== Segment start ==

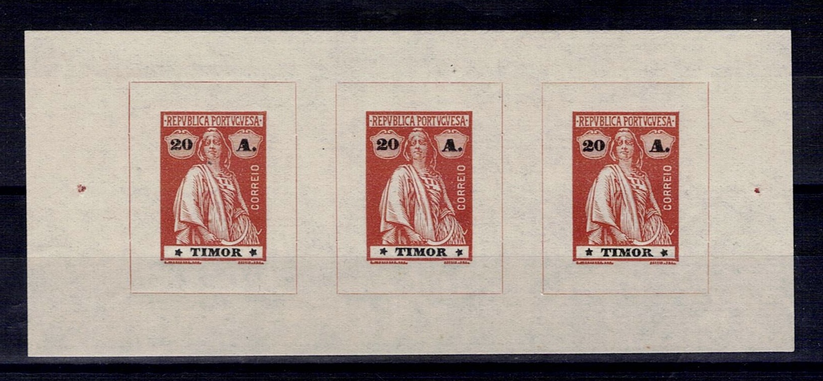 1394 imageTimor 1914 – Ceres. Mf#171, 20 avos. Strip with 3 coloured proofs in brick, not indented, with stars III-IV x2 and I-IV, printed with wide margins, framed, considered to be clandestine. Copy without defects or repairs. MB and MR.(Image 1)
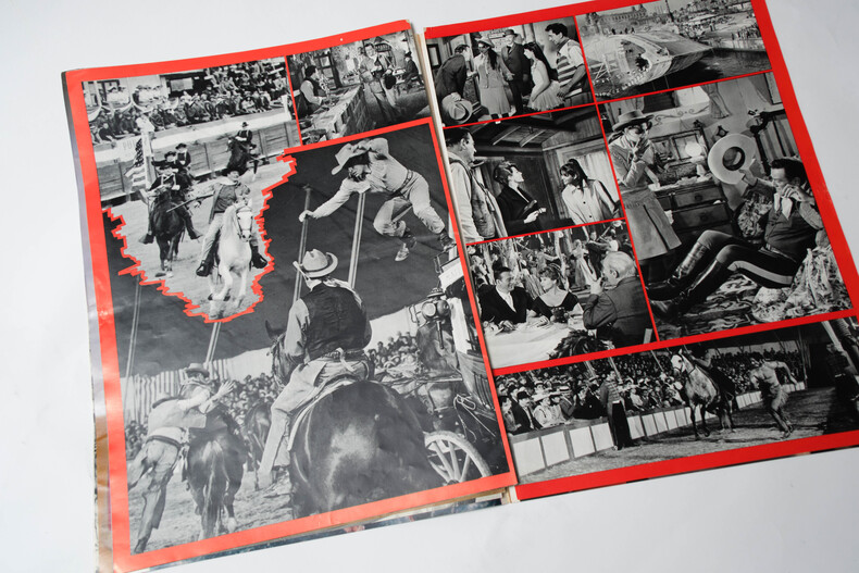 The Rank Organisation1964. Superbe dossier de presse en feuilles de 24 pages au format 46 x 33,5 cm. Magnifiques couvertures illustrées. Rare dossier de presse pour le film américain : Le Plus Grand Cirque du monde ( Circus World ), réalisé en 1964 par Henry Hathaway. Synopsis accompagnés de très nombreuses photographies en noir et en couleurs dont les portraits avec signature en facsimilé autographe des acteurs principaux, pouvant faire office de poster. On trouve dans les rôles principaux : John Wayne, Claudia Cardinale, Rita Hayworth, Lili Alfredo, Lloyd Nolan, Richard Conte, etc. Superbe état de fraicheur malgré de petits frottis et tassements aux coins. Très rare.
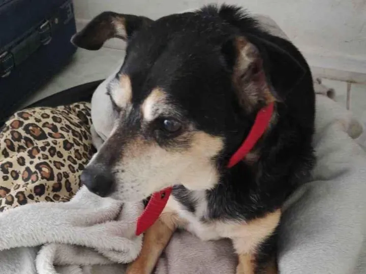 A cachorro desapareceu na Rodovia da Uva, próximo ao supermercado Rio Verde à 100 metros da entrada para o Contorno Norte. Ela estava com uma coleira vermelha, tem a pelagem predominante preta, com as pernas traseira marrom e mancha branca no peito. Trata-se de uma cachorro idosa.
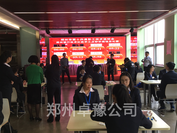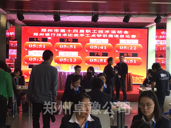 郑州银行技术比武隆重举行,郑州卓豫公司提供点钞多路计时软件设计,硬件设备,和全程技术支持。此次大赛最答特点是多路计时系统,大屏幕8位选手同时开始点钞,计时同时开始,选手点钞结束,按键时间即可停止,大屏幕同步显示,在公开透明的环境下进行比赛。

== Segment end ==

Instructions to follow: Print each line of the listing exactly and include no pictures.

Written response:
 1394 imageTimor 1914 – Ceres. Mf#171, 20 avos. Strip with 3 coloured proofs in brick, not indented, with stars III-IV x2 and I-IV, printed with wide margins, framed, considered to be clandestine. Copy without defects or repairs. MB and MR.(Image 1)
 The Rank Organisation1964. Superbe dossier de presse en feuilles de 24 pages au format 46 x 33,5 cm. Magnifiques couvertures illustrées. Rare dossier de presse pour le film américain : Le Plus Grand Cirque du monde ( Circus World ), réalisé en 1964 par Henry Hathaway. Synopsis accompagnés de très nombreuses photographies en noir et en couleurs dont les portraits avec signature en facsimilé autographe des acteurs principaux, pouvant faire office de poster. On trouve dans les rôles principaux : John Wayne, Claudia Cardinale, Rita Hayworth, Lili Alfredo, Lloyd Nolan, Richard Conte, etc. Superbe état de fraicheur malgré de petits frottis et tassements aux coins. Très rare.
 A cachorro desapareceu na Rodovia da Uva, próximo ao supermercado Rio Verde à 100 metros da entrada para o Contorno Norte. Ela estava com uma coleira vermelha, tem a pelagem predominante preta, com as pernas traseira marrom e mancha branca no peito. Trata-se de uma cachorro idosa.
 郑州银行技术比武隆重举行,郑州卓豫公司提供点钞多路计时软件设计,硬件设备,和全程技术支持。此次大赛最答特点是多路计时系统,大屏幕8位选手同时开始点钞,计时同时开始,选手点钞结束,按键时间即可停止,大屏幕同步显示,在公开透明的环境下进行比赛。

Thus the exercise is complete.